*** Opening Data segment ***
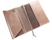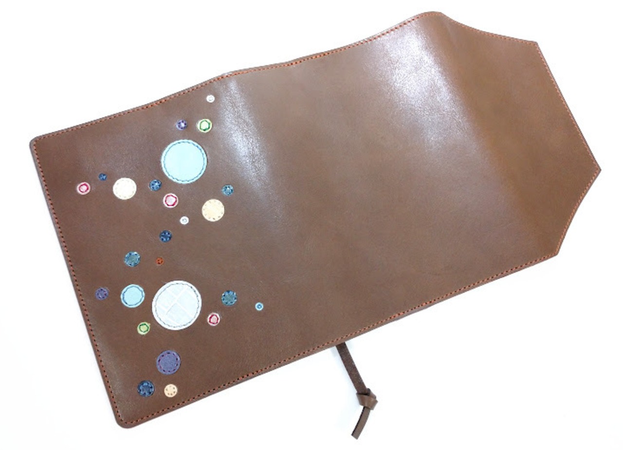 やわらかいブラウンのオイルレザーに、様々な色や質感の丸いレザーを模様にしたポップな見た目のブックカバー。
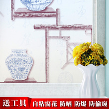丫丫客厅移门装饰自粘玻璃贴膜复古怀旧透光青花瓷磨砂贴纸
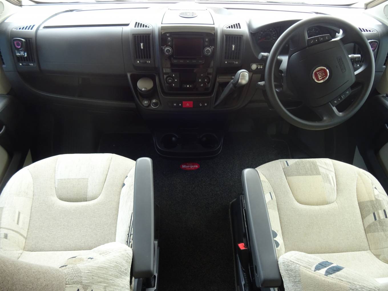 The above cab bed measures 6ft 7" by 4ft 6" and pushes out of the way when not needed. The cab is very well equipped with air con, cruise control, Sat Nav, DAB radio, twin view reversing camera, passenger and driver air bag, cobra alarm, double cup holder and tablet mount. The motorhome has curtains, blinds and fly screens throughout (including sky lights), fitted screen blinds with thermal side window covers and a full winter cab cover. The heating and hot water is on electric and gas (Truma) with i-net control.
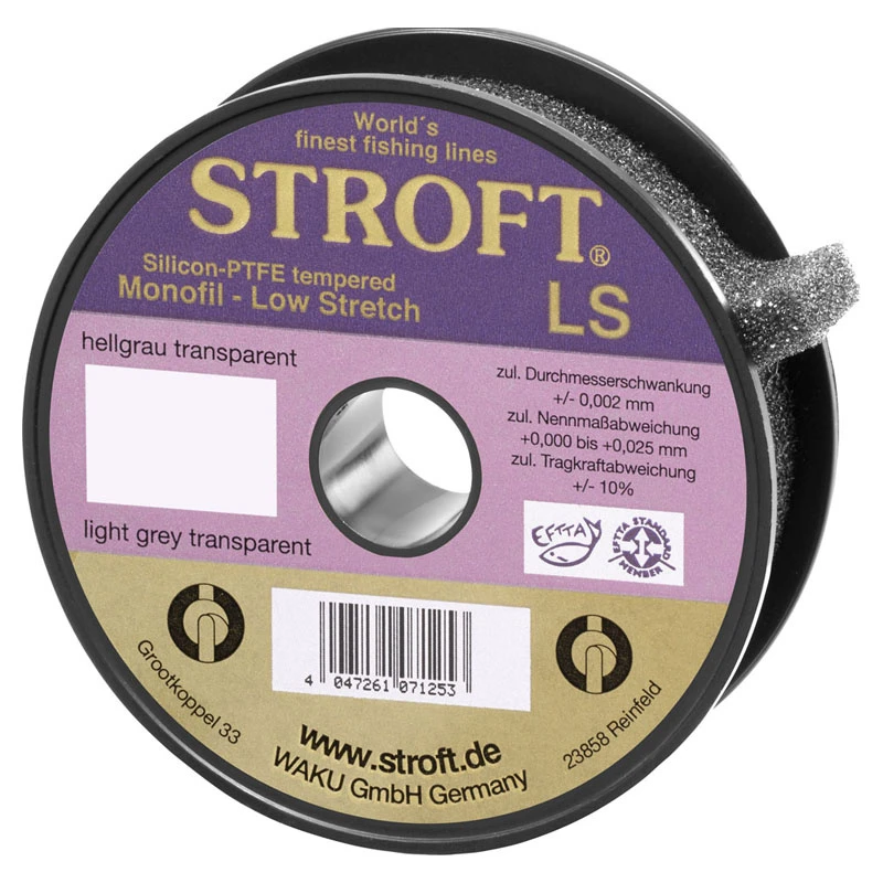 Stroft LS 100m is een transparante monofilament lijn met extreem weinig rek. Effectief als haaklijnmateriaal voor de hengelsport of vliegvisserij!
*** Closing Data segment ***
**Task directions**
Return the listing above unchanged, apart from dropping its pictures.

**Response to this task**
 やわらかいブラウンのオイルレザーに、様々な色や質感の丸いレザーを模様にしたポップな見た目のブックカバー。
丫丫客厅移门装饰自粘玻璃贴膜复古怀旧透光青花瓷磨砂贴纸
 The above cab bed measures 6ft 7" by 4ft 6" and pushes out of the way when not needed. The cab is very well equipped with air con, cruise control, Sat Nav, DAB radio, twin view reversing camera, passenger and driver air bag, cobra alarm, double cup holder and tablet mount. The motorhome has curtains, blinds and fly screens throughout (including sky lights), fitted screen blinds with thermal side window covers and a full winter cab cover. The heating and hot water is on electric and gas (Truma) with i-net control.
 Stroft LS 100m is een transparante monofilament lijn met extreem weinig rek. Effectief als haaklijnmateriaal voor de hengelsport of vliegvisserij!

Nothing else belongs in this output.